- [DATA EXCERPTS]

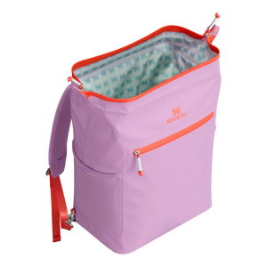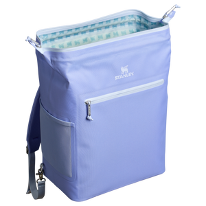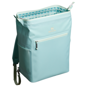 With a 20-can storage capacity, the All Day Madeleine Midi Cooler Backpack maintains the perfect chill for 24 hours. There’s even a mesh pocket designed to fit your Quencher or bottled beverage of choice. The unique “doctor’s bag” hinge top pops open to help with unpacking, and padded straps make carrying more comfortable. Load up with reusable ice packs, pop it shut and the sturdy zipper keeps it all safely stored. A discreet zipper pocket on the cooler’s back helps to protect valuables. From smoothies to fresh sandwiches, your favorite wine and beverages are ready to share. Don’t forget to pack all your favorite snacks and drinks in Stanley style.
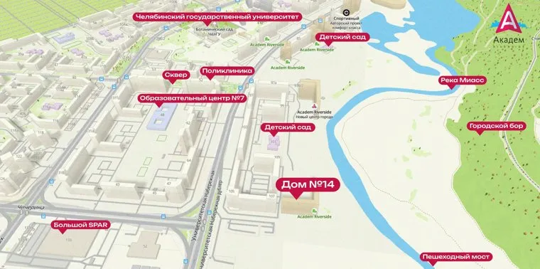 Жилой комплекс комфорт-класса « находится недалеко от реки Миасс на Университетской набережной. Группа компаний «Магнитострой» формирует в нем экосистему комфортной жизни для жителей. В шаговой доступности есть вся необходимая инфраструктура: детские сады, поликлиники, места для семейного отдыха и досуга, супермаркеты и аптеки. «Это комплексный подход, который получает наш клиент, приобретая жилье у нас. В проектировании домов мы всегда исходим из потребностей и удобства покупателей», — подчеркивает пресс-служба застройщика.
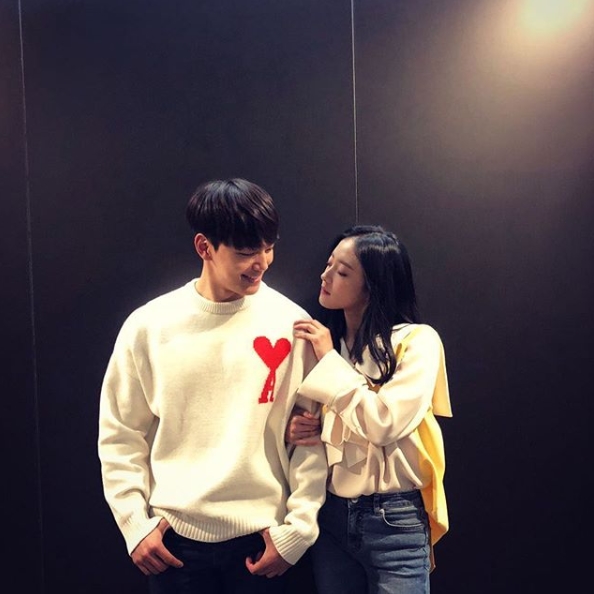 사진 속 이세영은 여진구의 옆에서 다정하게 팔짱을 끼고 있으며, 여진구도 이세영 쪽으로 얼굴에 돌려 미소를 짓고 있다.
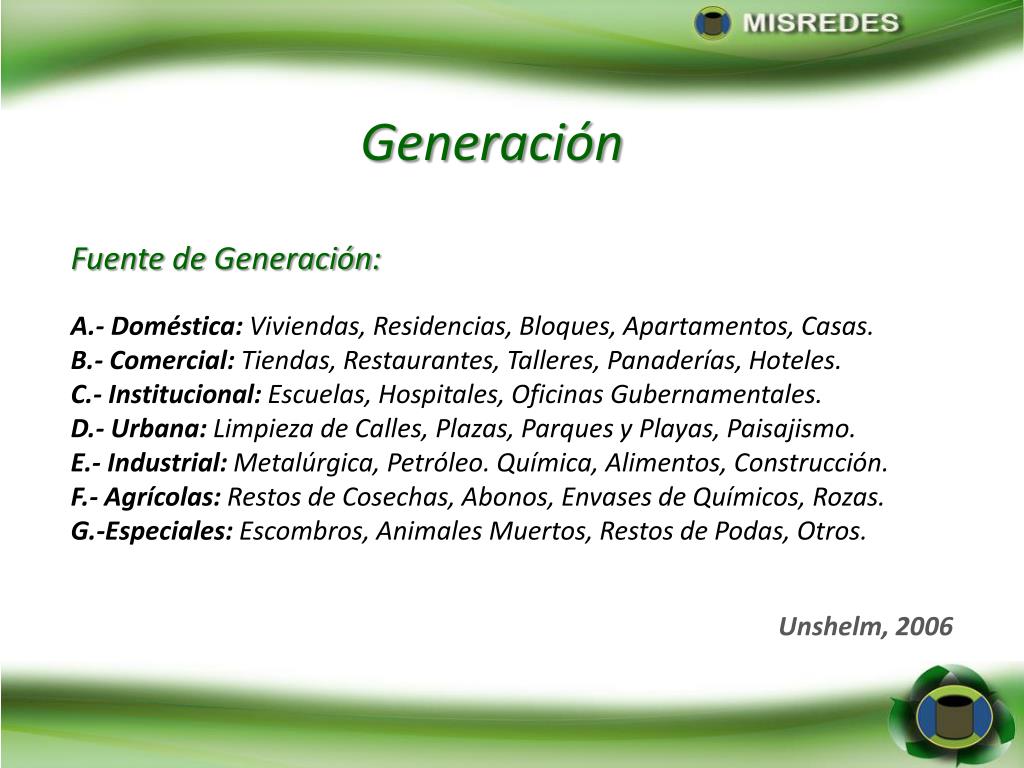 Generación Fuente de Generación: A.- Doméstica: Viviendas, Residencias, Bloques, Apartamentos, Casas. B.- Comercial: Tiendas, Restaurantes, Talleres, Panaderías, Hoteles. C.- Institucional: Escuelas, Hospitales, Oficinas Gubernamentales. D.- Urbana: Limpieza de Calles, Plazas, Parques y Playas, Paisajismo. E.- Industrial: Metalúrgica, Petróleo. Química, Alimentos, Construcción. F.- Agrícolas: Restos de Cosechas, Abonos, Envases de Químicos, Rozas. G.-Especiales: Escombros, Animales Muertos, Restos de Podas, Otros. Unshelm, 2006
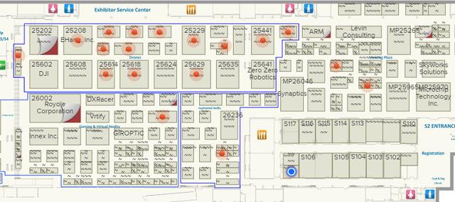 今年CES展览自然也少不了无人机展览。此次无人机的展位部分集中于东馆南厅。国内比较出名的展商昊翔、亿航、大疆、零度都在这里部有展位。
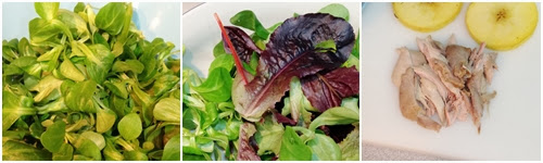 Para la ensalada: 1 manzana golden, canónigos y brotes variados.
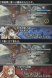 Yggdra Unison (ユグドラ・ユニゾン, Yugudora Yunizon) is a real-time strategy game for the cellular phone and Nintendo DS, developed by Sting Entertainment as a "fandisc"-type spinoff to Yggdra Union. The original cellphone version was self-published and released on November 11, 2007; the DS version was published by Atlus and released on December 12, 2009.[1] Neither installment has been released in any language other than Japanese. The game display is similar to that of Yggdra Union and Blaze Union, but all action is in real-time and units are allowed to move freely instead of on a grid. The DS version is mainly stylus-based with support functions and menu displays toggled by the R/L and directional buttons.
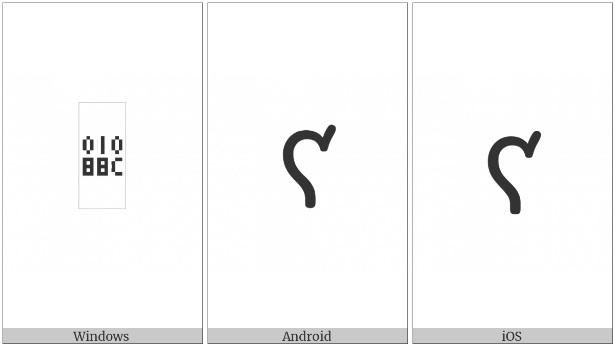 The image below shows how the “Nabataean Letter Final Yodh” symbol might look like on different operating systems. If the font in which this web site is displayed does not contain the symbol and there is no fallback font able to render it, you can use the image below to get an idea of what it should look like.

- [ACTIVITY]
Without any pictures, transcribe the listing above exactly as written.

- [FINISHED EXERCISE]
 With a 20-can storage capacity, the All Day Madeleine Midi Cooler Backpack maintains the perfect chill for 24 hours. There’s even a mesh pocket designed to fit your Quencher or bottled beverage of choice. The unique “doctor’s bag” hinge top pops open to help with unpacking, and padded straps make carrying more comfortable. Load up with reusable ice packs, pop it shut and the sturdy zipper keeps it all safely stored. A discreet zipper pocket on the cooler’s back helps to protect valuables. From smoothies to fresh sandwiches, your favorite wine and beverages are ready to share. Don’t forget to pack all your favorite snacks and drinks in Stanley style.
 Жилой комплекс комфорт-класса « находится недалеко от реки Миасс на Университетской набережной. Группа компаний «Магнитострой» формирует в нем экосистему комфортной жизни для жителей. В шаговой доступности есть вся необходимая инфраструктура: детские сады, поликлиники, места для семейного отдыха и досуга, супермаркеты и аптеки. «Это комплексный подход, который получает наш клиент, приобретая жилье у нас. В проектировании домов мы всегда исходим из потребностей и удобства покупателей», — подчеркивает пресс-служба застройщика.
 사진 속 이세영은 여진구의 옆에서 다정하게 팔짱을 끼고 있으며, 여진구도 이세영 쪽으로 얼굴에 돌려 미소를 짓고 있다.
 Generación Fuente de Generación: A.- Doméstica: Viviendas, Residencias, Bloques, Apartamentos, Casas. B.- Comercial: Tiendas, Restaurantes, Talleres, Panaderías, Hoteles. C.- Institucional: Escuelas, Hospitales, Oficinas Gubernamentales. D.- Urbana: Limpieza de Calles, Plazas, Parques y Playas, Paisajismo. E.- Industrial: Metalúrgica, Petróleo. Química, Alimentos, Construcción. F.- Agrícolas: Restos de Cosechas, Abonos, Envases de Químicos, Rozas. G.-Especiales: Escombros, Animales Muertos, Restos de Podas, Otros. Unshelm, 2006
 今年CES展览自然也少不了无人机展览。此次无人机的展位部分集中于东馆南厅。国内比较出名的展商昊翔、亿航、大疆、零度都在这里部有展位。
 Para la ensalada: 1 manzana golden, canónigos y brotes variados.
 Yggdra Unison (ユグドラ・ユニゾン, Yugudora Yunizon) is a real-time strategy game for the cellular phone and Nintendo DS, developed by Sting Entertainment as a "fandisc"-type spinoff to Yggdra Union. The original cellphone version was self-published and released on November 11, 2007; the DS version was published by Atlus and released on December 12, 2009.[1] Neither installment has been released in any language other than Japanese. The game display is similar to that of Yggdra Union and Blaze Union, but all action is in real-time and units are allowed to move freely instead of on a grid. The DS version is mainly stylus-based with support functions and menu displays toggled by the R/L and directional buttons.
 The image below shows how the “Nabataean Letter Final Yodh” symbol might look like on different operating systems. If the font in which this web site is displayed does not contain the symbol and there is no fallback font able to render it, you can use the image below to get an idea of what it should look like.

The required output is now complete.